Please make an exact copy of the listing, without the pictures.

== Collected material ==
# # # # # # #
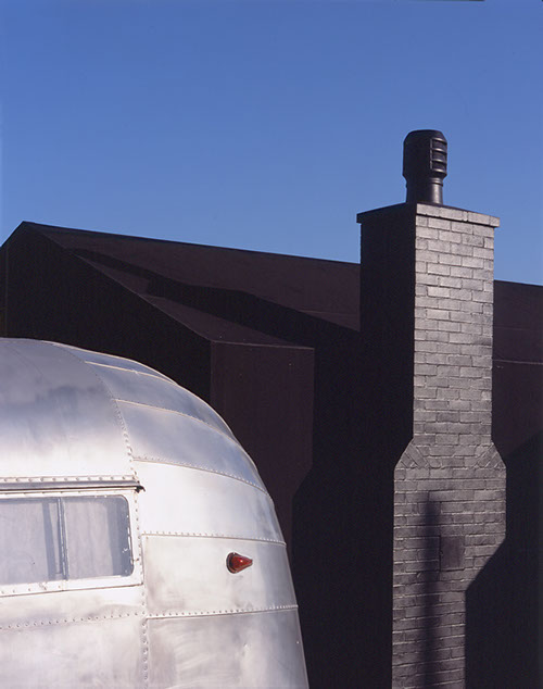 Internally priority has been given to maximising the living areas and the house only has one small bedroom. Visitors are accommodated in a 1954 Airstream caravan which is parked next to the house, the silver of the aluminium caravan providing a striking visual contrast to the black rubber.
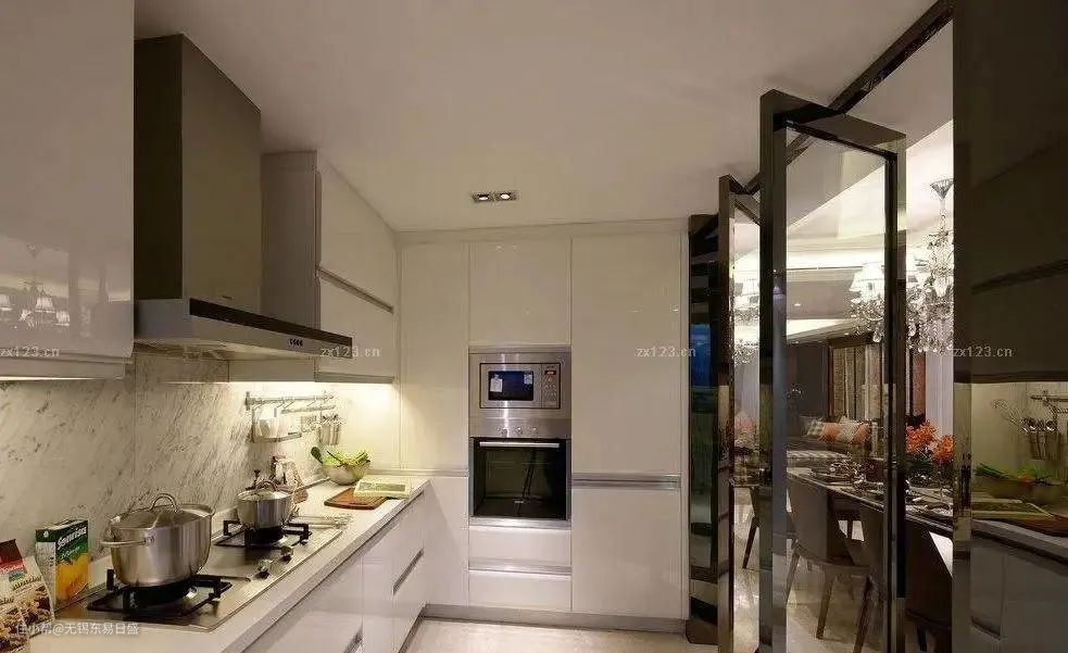 如果觉得有玻璃隔断让厨房设计并不是完全开放式的,大家也可以选择不用玻璃隔断,可以在装修时将厨房内的通风做好。
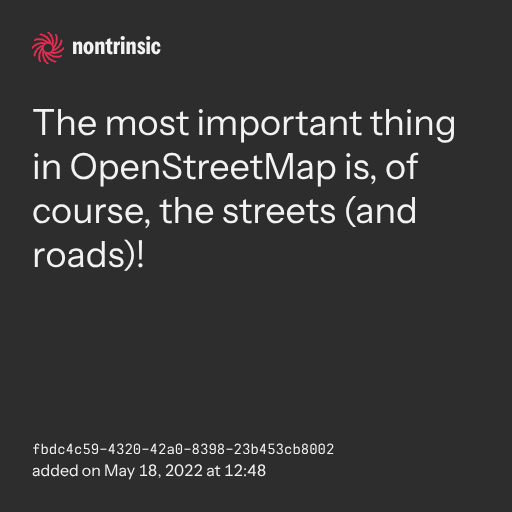 поделитьсяThe most important thing in OpenStreetMap is, of course, the streets (and roads)!
# # # # # # #
== Task output ==
 Internally priority has been given to maximising the living areas and the house only has one small bedroom. Visitors are accommodated in a 1954 Airstream caravan which is parked next to the house, the silver of the aluminium caravan providing a striking visual contrast to the black rubber.
 如果觉得有玻璃隔断让厨房设计并不是完全开放式的,大家也可以选择不用玻璃隔断,可以在装修时将厨房内的通风做好。
 поделитьсяThe most important thing in OpenStreetMap is, of course, the streets (and roads)!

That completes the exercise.